4. the fusion protein of Thymosin alpha 1 as claimed in claim 3, it is characterised in that described in be comprise immunoglobulin hinge region, constant region CH2 and constant region CH3.

5. the fusion protein of Thymosin alpha 1 as claimed in claim 1, it is characterized in that shown in the aminoacid sequence of described Thymosin alpha 1 or its active fragment such as SEQIDNO:1 or 2, or, the C terminal amino acid residue of aminoacid sequence shown in SEQIDNO:1 replaces with any of 19 kinds of natural amino acids outside original acid residue or disappearance.

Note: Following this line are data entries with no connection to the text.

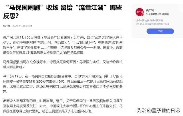 就在马保国靠“出糗”吸粉无数的时候,麻烦来了,央视直接点名批评他了。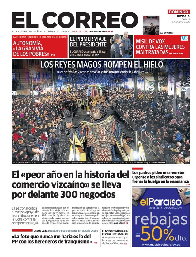 EL CORREO: "Los Reyes magos rompen el hielo" "Autonomía, la gran vía de los pobres"; "El primer viaje del presidente"; "Misil de VOX contra las mujeres maltratadas"; "El peor año en la historia del comercio vizcaíno se lleva por delante 300 negocios"; "Los padres piden una reunión urgente a los sindicatos para frenar la huelga en la enseñanza"; "La foto que nunca me haría es la del PP con los herederos del franquismo"; "El Gobierno lleva a la Fiscalía un tuit del PP".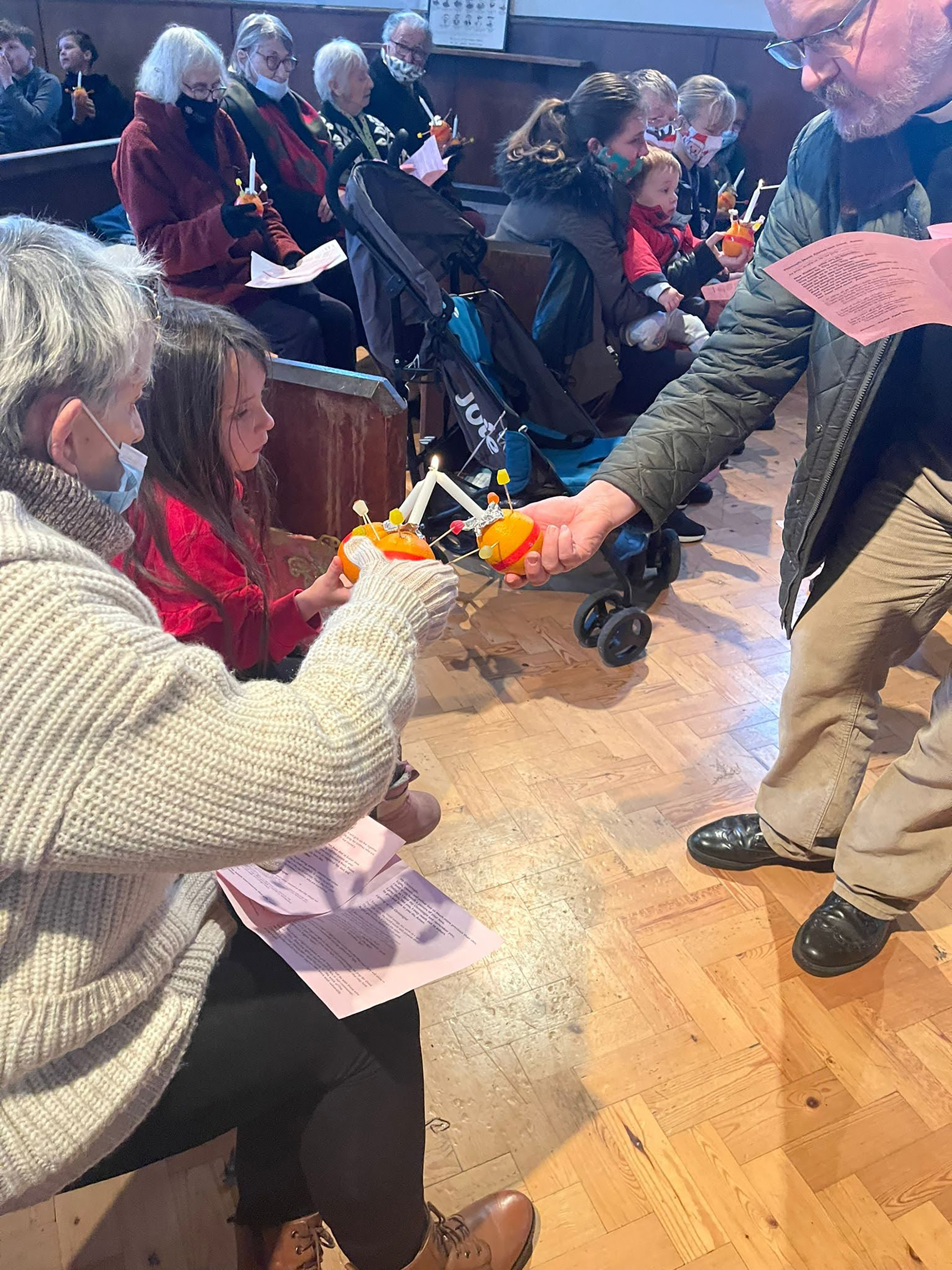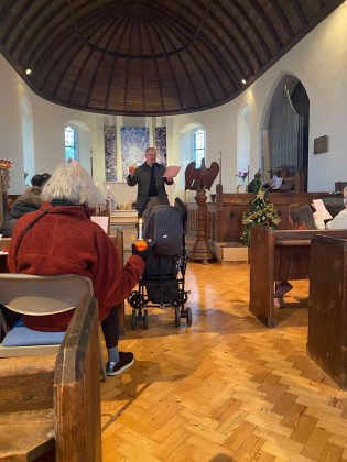 The new rector of Rye, Revd. Paul White, came to the Church of the Holy Spirit for the first time and commented afterwards: “It was an absolute delight to take my first service at the Church of the Holy Spirit in Rye Harbour on Sunday 19th December. It was a Christingle service, in which we remember Jesus coming as the light of the world at Christmas, and it was brilliantly planned by Kt and Martin Bruce, with Martin playing the hymns.

6. the fusion protein of Thymosin alpha 1 as claimed in claim 5, it is characterised in that the N end of described Thymosin alpha 1 or its active fragment is acetylizad or non-acetylizad.

7. the fusion protein of Thymosin alpha 1 as claimed in claim 1, it is characterised in that described constant region for immunoglobulin aminoacid sequence is such as shown in SEQIDNO:3.

8. the fusion protein of Thymosin alpha 1 as claimed in claim 1, it is characterised in that the fusion protein aminoacid sequence of Thymosin alpha 1 is such as shown in SEQIDNO:4.

9. the fusion protein of the Thymosin alpha 1 as described in any one of claim 1-8 application in preparation treatment constitutional and secondary immunodeficiency disease and antitumor drug.

10. the fusion protein of Thymosin alpha 1 as claimed in claim 9 application in preparing antitumor drug, it is characterized in that described immunodeficiency symptoms includes chronic hepatitis B, chronic hepatitis A, severe hepatitis, serious symptom hepatitis A and acquired immune deficiency syndrome (AIDS), described tumor includes melanoma, pulmonary carcinoma, breast carcinoma, gastric cancer and colon cancer.